##### Information provided

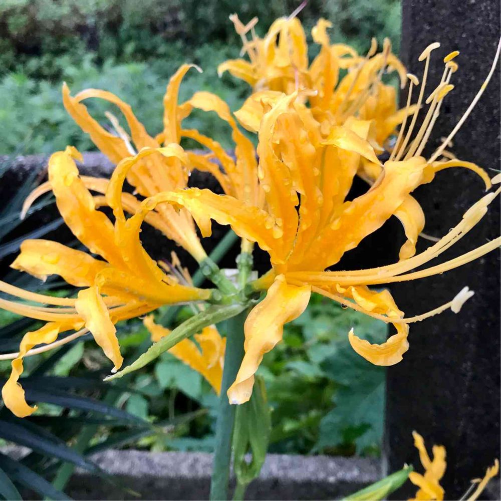 雨上がり、線路沿いの道端に咲いていた鮮やかな黄色の彼岸花。
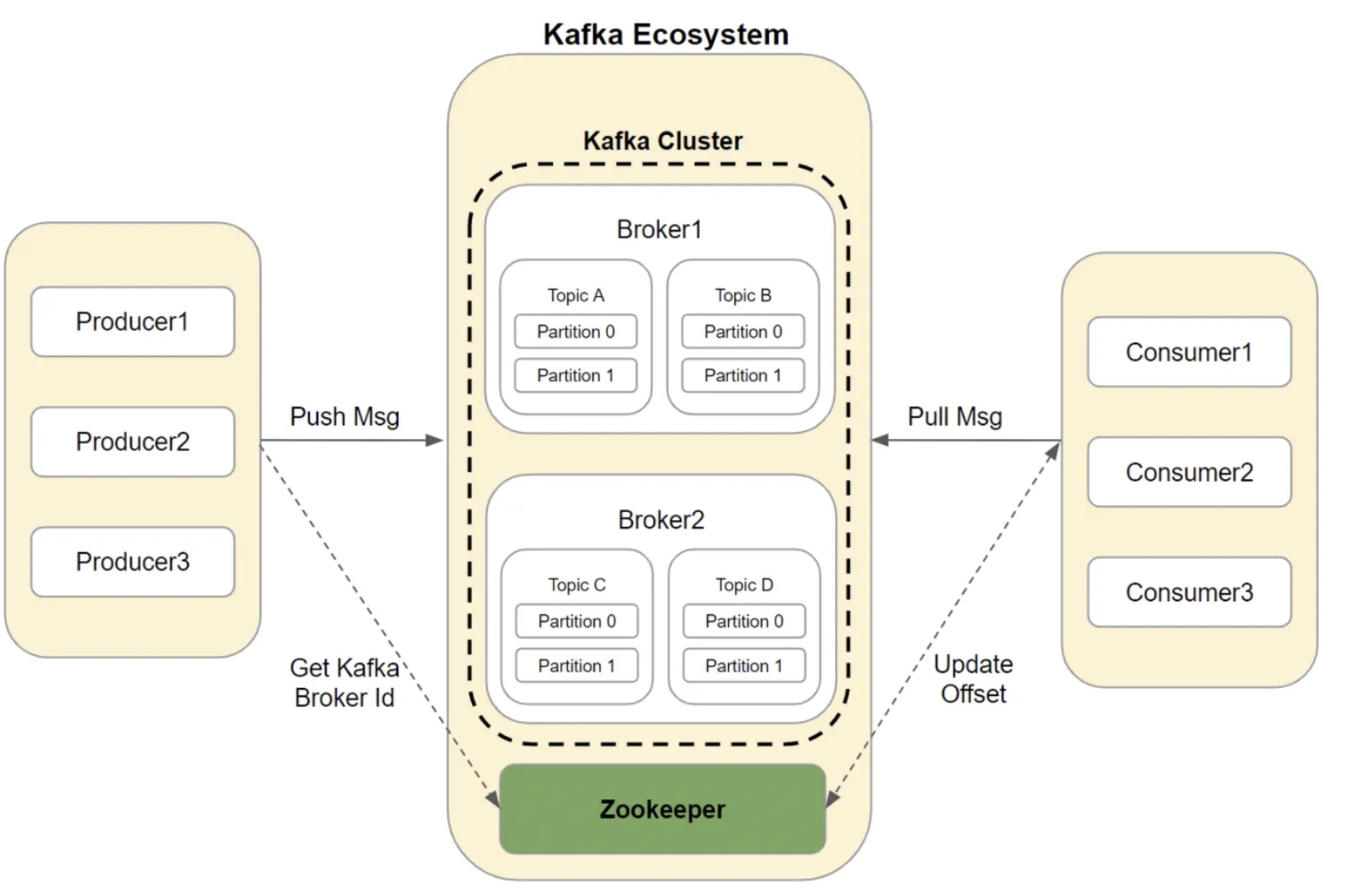 - Kafka Cluster : 여러 개의 Broker들로 구성됨 (최소 3개이상, 4개 이상을 권장)
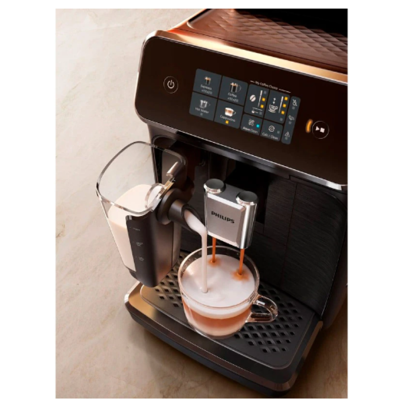 Одним натисканням кнопки LatteGo автоматично готує кавові напої із шовковисто м’якою молочною пінкою завдяки потужній технології піноутворення в циклонній камері — навіть із можливістю додавати ваші улюблені рослинні замінники молока.

##########

» **Aim of the exercise**
A word-for-word transcription of the listing is needed, minus its images.

» **Task result**
 雨上がり、線路沿いの道端に咲いていた鮮やかな黄色の彼岸花。
 - Kafka Cluster : 여러 개의 Broker들로 구성됨 (최소 3개이상, 4개 이상을 권장)
 Одним натисканням кнопки LatteGo автоматично готує кавові напої із шовковисто м’якою молочною пінкою завдяки потужній технології піноутворення в циклонній камері — навіть із можливістю додавати ваші улюблені рослинні замінники молока.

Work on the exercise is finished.